A scope of services may:
- List the fullest range of services that may be provided, and then items are struck through if they are not being provided within the fee.
- Offer a tick box system to indicate whether services are being provided or not.
- Include a list specifically setting out services that will not be provided.
- Provide options, such as; to ‘carry out’ services or to ‘organise’ them; to provide cost consultancy services or not and so on.
- Indicate the basis on which the services will be charged, for example, ‘T’ indicating time-based, or ‘LS’ indicating a lump sum fee.
If a design responsibility matrix is being prepared, then this should be aligned with the sccope of services for the consultants involved in the project.
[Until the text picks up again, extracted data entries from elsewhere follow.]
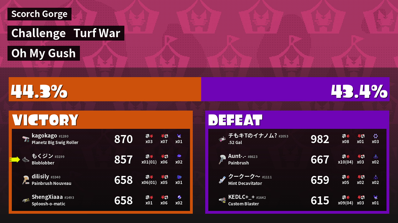 | Mode | Turf War - Challenge | ||
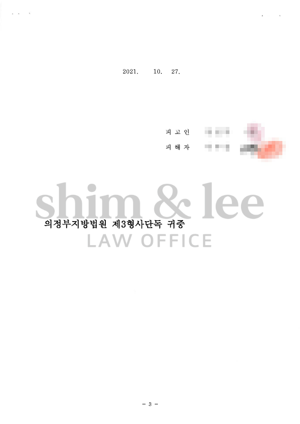 가해자가 사과하는 내용의 카카오톡 메시지와 통화녹음을 이용하여 가해자가 사실상 범행을 자백했었다는 사실을 변호사 의견서를 통해 자세히 입증하는 한편,
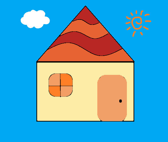 屋根がカラフルで、青空に似合うオレンジ色の家です!
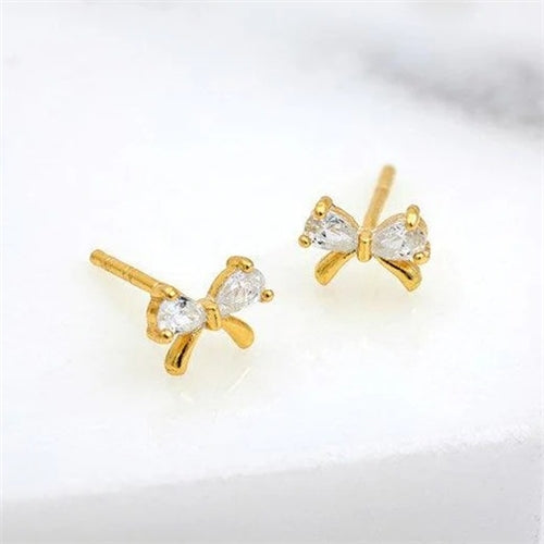 A petite 925 sterling silver stud in the shape of a bow with CZ crystal detail. These studs are designed to adorn your ear and create the perfect stack. The Riley Stud Earrings are all about adding a touch of sweetness and elegance to your style. The dainty bow shape, combined with the sparkling CZ crystals, brings a sense of charm and glamour to your look.

There are a number of software systems available that can automate this process.
Areas where it is particularly important to be certain who is providing services include:
- Interior design and artwork.
- Landscape design.
- Highways, fencing and gates.
- Vibration control.
- Below and above ground drainage.
- Fire protection and safety systems.
- Lightning protection.
- Process engineering.
- Chemical handling.
- Specialist design such as laboratories.
- Security systems.
- Information and communications technology.
- Connections to statutory utilities.
- Planning applications (in particular outline planning applications).
- Furniture and equipment.
- Fixtures and fittings.
- Geotechnical surveys.
- Topographical and setting-out surveys.
- Specification writing.
- External lighting.
- Alterations to existing buildings.
- Lifts and escalators.
- Models and mock-ups.
- BIM services.
- Building control submissions.
- Supervision and inspection during construction.
- Record drawings.
- Provision of certificates.
- Insurance claims.
Tasks that might be considered 'additional services' not covered by a consultant's standard fee unless specifically agreed might include:
- Acting as lead designer, contract administrator or lead consultant.
- Detailed thermal modelling.
- Environmental assessments.
- Options appraisal.
- Preparing or compiling the brief.
- Post-occupancy evaluations.
- Outline planning applications.
- Planning appeals.
- Assistance applying for grants or other funding.
- Post-occupancy advice on letting, rating, maintenance, energy consumption, insurance, tenant queries and facilities management.
- Assisting in the preparation of tender documents for maintenance and operation contracts.
- Preparing a building user's guide (a non-technical guide with information for users about environmental controls, access, security and safety systems etc).
- Provision of unusual visual representations or models.
- Building information modelling (BIM).
- Preparation of marketing materials.
- Preparation of as-built information.
- Party wall services.
- Site surveys.
- Whole-life costing studies.
- Environmental and ecological studies.
- Site selection.
- Provision of site inspectors.
- Assessment of alternative designs submitted by others (for example during the tender process for the main contractor).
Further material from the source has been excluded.